Installing conda & mamba¶
Follow the instructions here to install either miniconda or anaconda first. Once you have already installed either miniconda or anaconda, you may simply add mamba to your base environment
$ conda install mamba -c conda-forge
After installation, check your python path and version :
$ command -v python
$ <your_chosen_installation_path>/bin/python
$ python --version # anything above 3.5 is ok!
$ Python 3.6.5 :: Anaconda, Inc.
Now we are ready to install snakePipes latest release using mamba
.
Installing snakePipes¶
The easiest way to install snakePipes is via our conda channel. The following command install snakePipes and also creates a conda virtual environment named snakePipes
, which you can then activate via conda activate snakePipes
. Specifying snakePipes version avoids issues with conda's environment solver.
mamba create -n snakePipes -c mpi-ie -c conda-forge -c bioconda snakePipes
This way, the software used within snakePipes do not conflict with the software pre-installed on your terminal or in your python environment.
Now, we should create the workflow environments:
conda activate snakePipes
snakePipes createEnvs
Modify global options¶
It is often useful to store organism YAML files and the cluster configuration file outside of snakePipes, so that these can be used across snakePipes versions without needing to make copies. Since snakePipes 1.3.0, this can be done by modifying the defaults.yaml file, the location of which is given by snakePipes info
. Instead of manually modifying this file, you may also use snakePipes config
.
To see the location of the various YAML files so you can manually inspect them, you can use:
snakePipes info
This would show the locations of:
defaults.yaml Defines default tool and file paths. See Create the conda environments
cluster.yaml Defines execution command for the cluster. See Configure your cluster
organisms/<organism>.yaml : Defines genome indices and annotations for various organisms. See Configure the organisms
Workflow-specific defaults : Defines default options for our command line wrappers. See Configure default options for workflows
It is a good idea to keep a copy of your defaults.yaml, cluster.yaml and the whole organism folder in a dedicated location e.g. some folder outside the snakePipes installation folder named "snakePipes_configs" .

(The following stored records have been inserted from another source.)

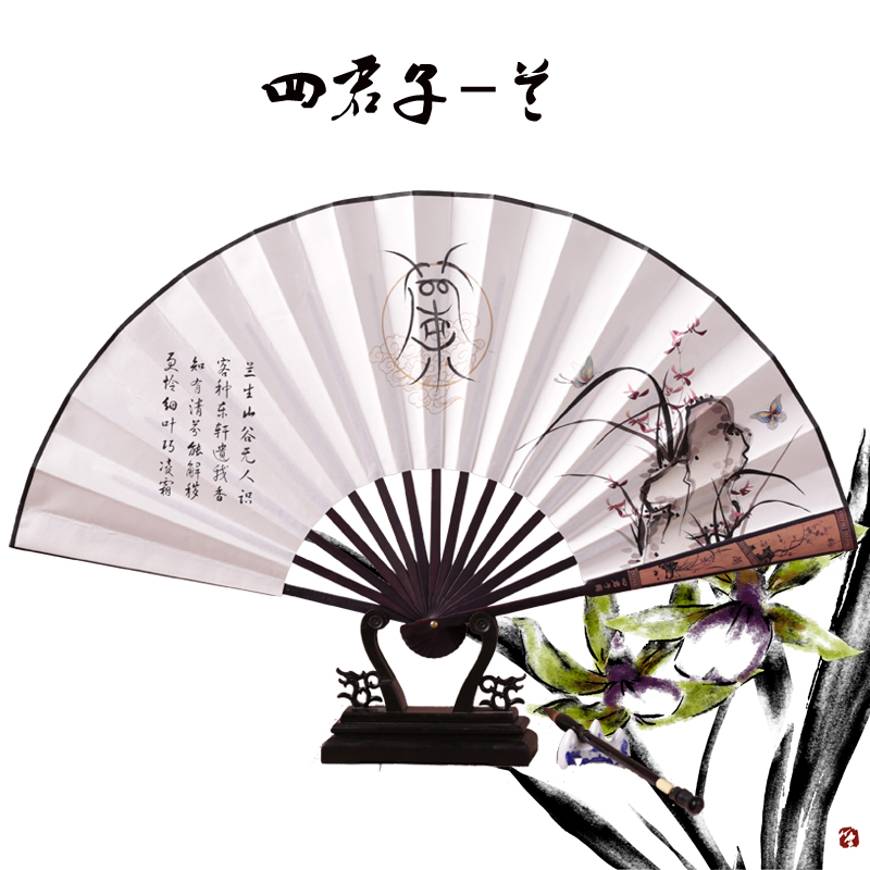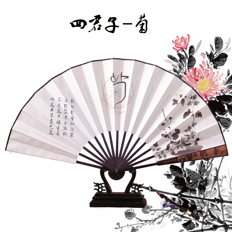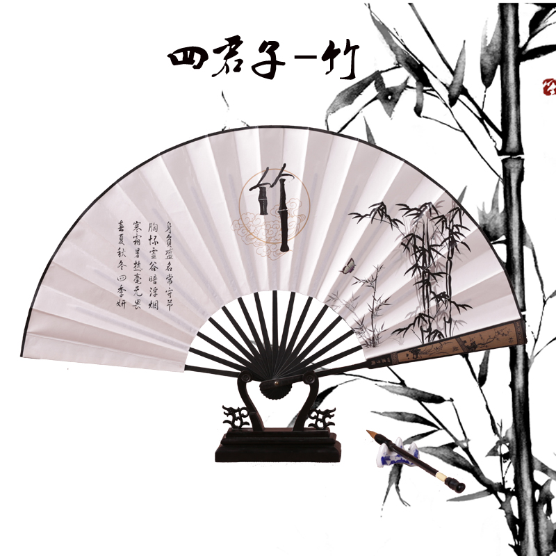 Fan folding fan male rice paper fan Chinese style calligraphy and play antique folding big fan plum orchid bamboo chrysanthemum full set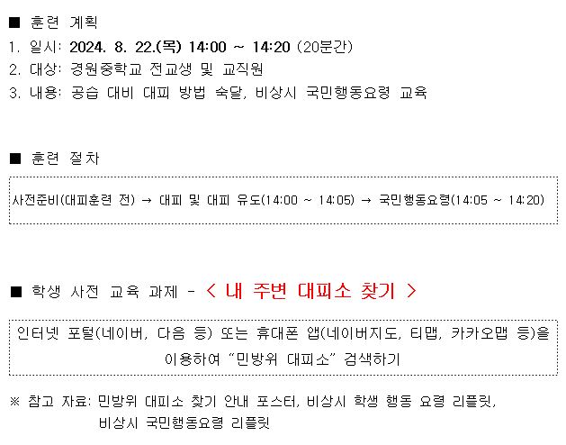이번 민방위 훈련은 공습 상황에 대비한 대피방법 숙달 및 국민행동요령 교육 등을 통해 비상시 국민·학생 안전을 보장하기 위함입니다.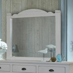A wavy frame top with planked wood accents lend the Sunset Trading Coastal Charm Wall Mirror distinctively chic appeal. This wall mirror features a solid pine wood construction with pine veneer panels for a durable design. Its matte gray finish is accented with hand-rubbed edges, lending the mirror coastal styling.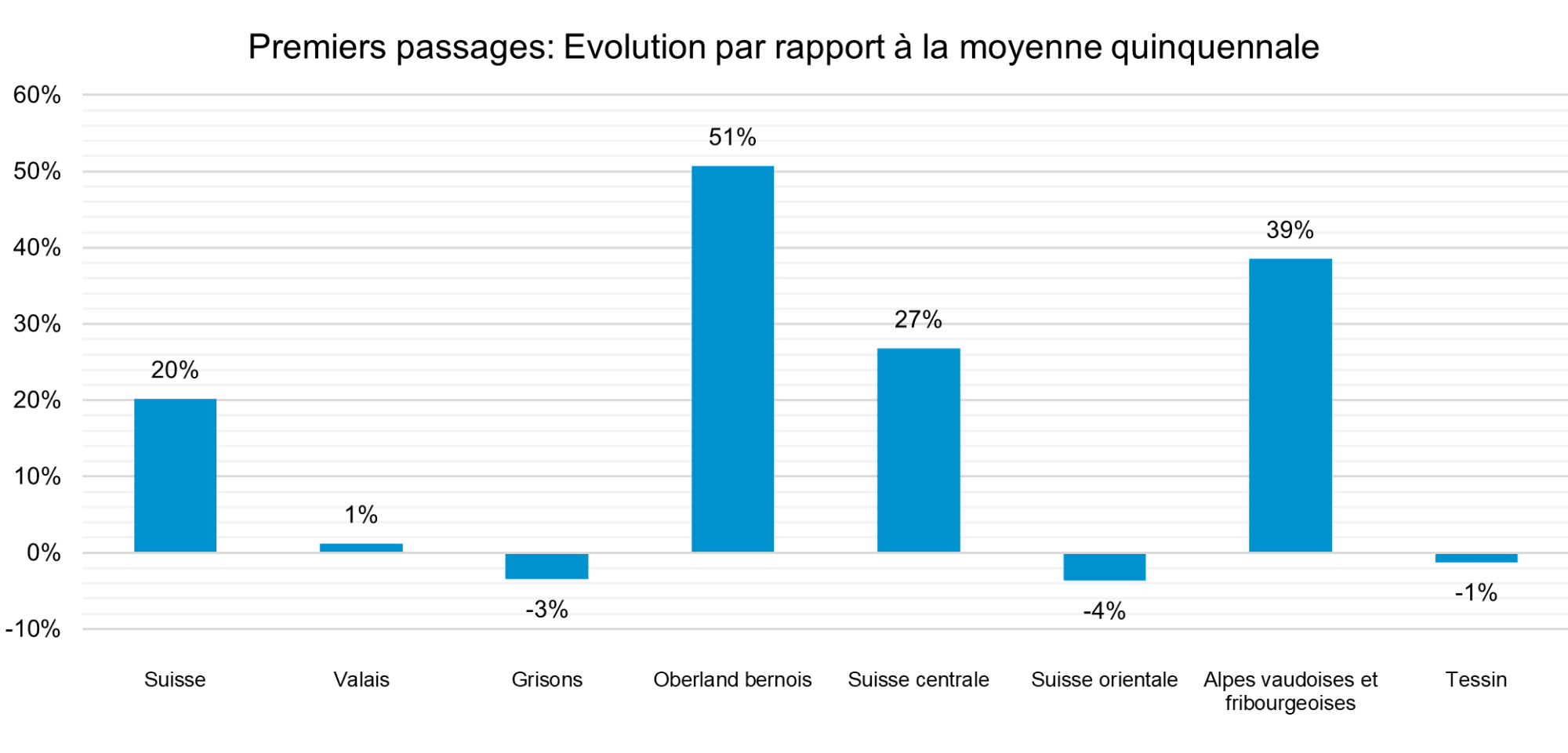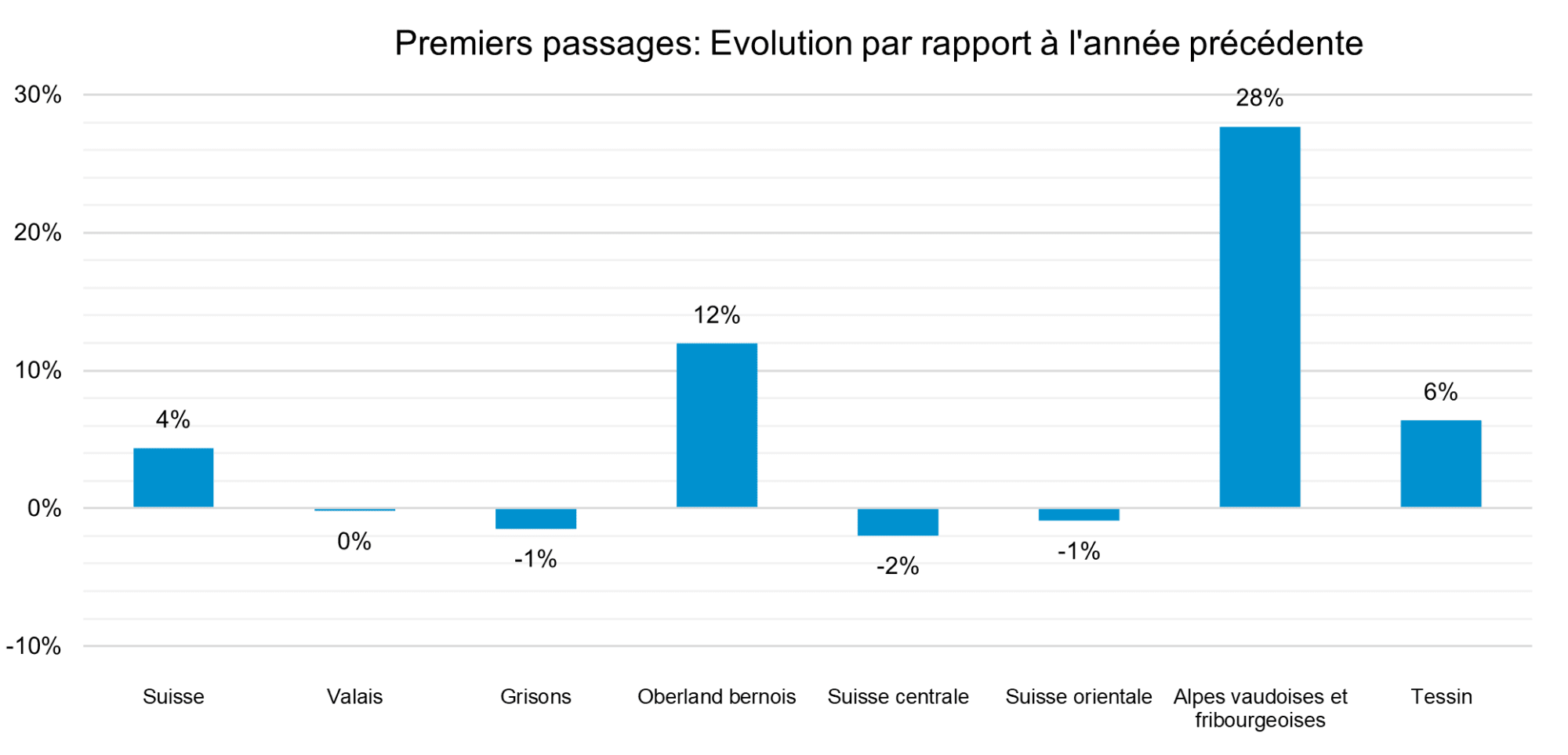 Ein Blick in die jeweiligen Gebiete zeigt regionale Unterschiede und Besonderheiten auf. Den grössten Zuwachs können wiederum die Waadtländer und Freiburger Alpen vermelden (+22 %), das Berner Oberland folgt mit 17 % an zweiter Stelle, gefolgt vom Wallis mit 13 %. Die weiteren Regionen haben alle einen positiven einstelligen Prozentwert (vgl. Abb. 1).
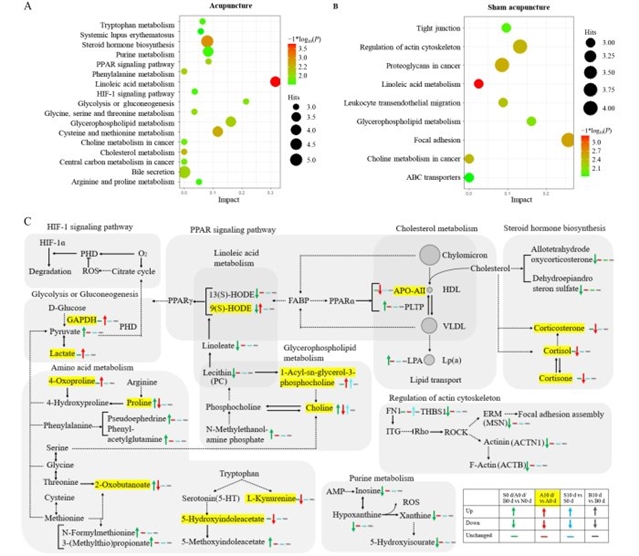 代谢组学和蛋白质组学研究共筛选出166种受针灸影响的差异代谢物及14种差异蛋白,其中25种代谢物和2种蛋白同时与偏头痛相关。进一步整合分析表明,针灸的抗偏头痛机制涉及复杂的网络调控,主要与缺氧应激反应调节、脑能量代谢失衡逆转及炎症调控相关,具体涉及缺氧诱导因子(HIF)-1信号通路、亚油酸代谢、甘油磷脂代谢等通路;而假针灸主要影响甘油磷脂代谢和肌动蛋白细胞骨架调节通路,与针灸的作用机制存在显著差异(图3)。此外,研究还发现,针灸对代谢物和蛋白质的影响可能早于对脑区活动的影响,提示脑区变化可能是疾病改善的结果而非原因。
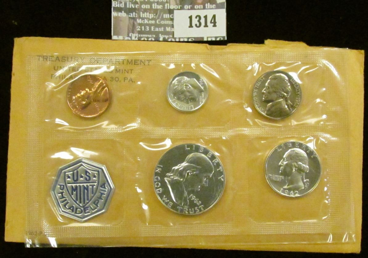 1962 U.S. Proof Set in original flat pack and cellophane as issued. (5 pcs.).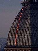 - Artist Mario Merz made the Fibonacci sequence a recurring theme in his work.[20] Examples are the Chimney of Turku Energia, in Turku, Finland, featuring the start of the Fibonacci sequence in 2m high neon lights, and the representation of the first Fibonacci numbers with red neon lights on one of the four-faced dome of the Mole Antonelliana in Turin, Italy, part of the artistic work Il volo dei Numeri ("Flight of the numbers").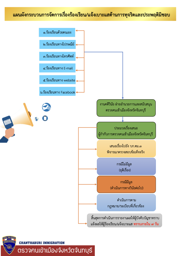 ช่องทางการแจ้งเรื่องร้องเรียนการทุจริตของตรวจคนเข้าเมืองจังหวัดจันทบุรี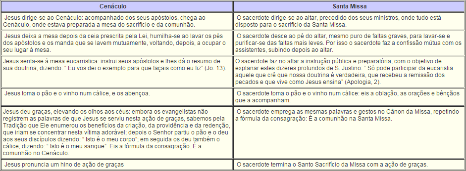 "A Santa Missa é o sacrifício do Corpo e do Sangue de Jesus Cristo, oferecido sobre os nossos altares, debaixo das espécies de pão e de vinho, em memória do sacrifício da Cruz".

You can configure snakePipes to use these files after a fresh installation or update with snakePipes config --organismsDir my_organisms_dir --clusterConfig my_cluster_config
. This will also work if you add --configMode recycle
.
Create the conda environments¶
All the tools required for running various pipelines are installed via various conda repositories (mainly bioconda). The following commands installs the tools and creates the respective conda environments.
snakePipes createEnvs
Note
snakePipes createEnvs
will also set the snakemakeOptions:
line in the global snakePipes
defaults.yaml
files. If you have already modified this then use the --keepCondaDir
option.
The place where the conda envs are created (and therefore the tools are installed) is defined in snakePipes/defaults.yaml
file on our GitHub repository. You can modify it to suite your needs.
Here are the content of defaults.yaml:
snakemakeOptions: '--use-conda --conda-prefix /data/general/scratch/conda_envs'
Note
Whenever you change the snakemakeOptions: line in defaults.yaml, you should run snakePipes createEnvs to ensure that the conda environments are then created.
Running snakePipes createEnvs
is not strictly required, but facilitates multiple users using the same snakePipes installation.
Configure the organisms¶
For each organism of your choice, create a file called <organism>.yaml
in the folder specified by organismsDir
in defaults.yaml and
fill the paths to the required files next to the corresponding yaml entry. For common organisms, the required files are downloaded and the yaml entries can be created automatically via the workflow createIndices
.
The yaml files look like this after the setup (an example from drosophila genome dm3
) :
# Integer, size of genome in base-pairs
genome_size: 142573017
# path to genome.fasta for mapping
genome_fasta: "/data/repository/organisms/dm3_ensembl/genome_fasta/genome.fa"
# path to genome.fasta.fai (fasta index) for mapping
genome_index: "/data/repository/organisms/dm3_ensembl/genome_fasta/genome.fa.fai"
# OPTIONAL. Needed for GC bias estimation by deepTools
genome_2bit: "/data/repository/organisms/dm3_ensembl/genome_fasta/genome.2bit"
# Needed for DNA-mapping workflow
bowtie2_index: "/data/repository/organisms/dm3_ensembl/BowtieIndex/genome"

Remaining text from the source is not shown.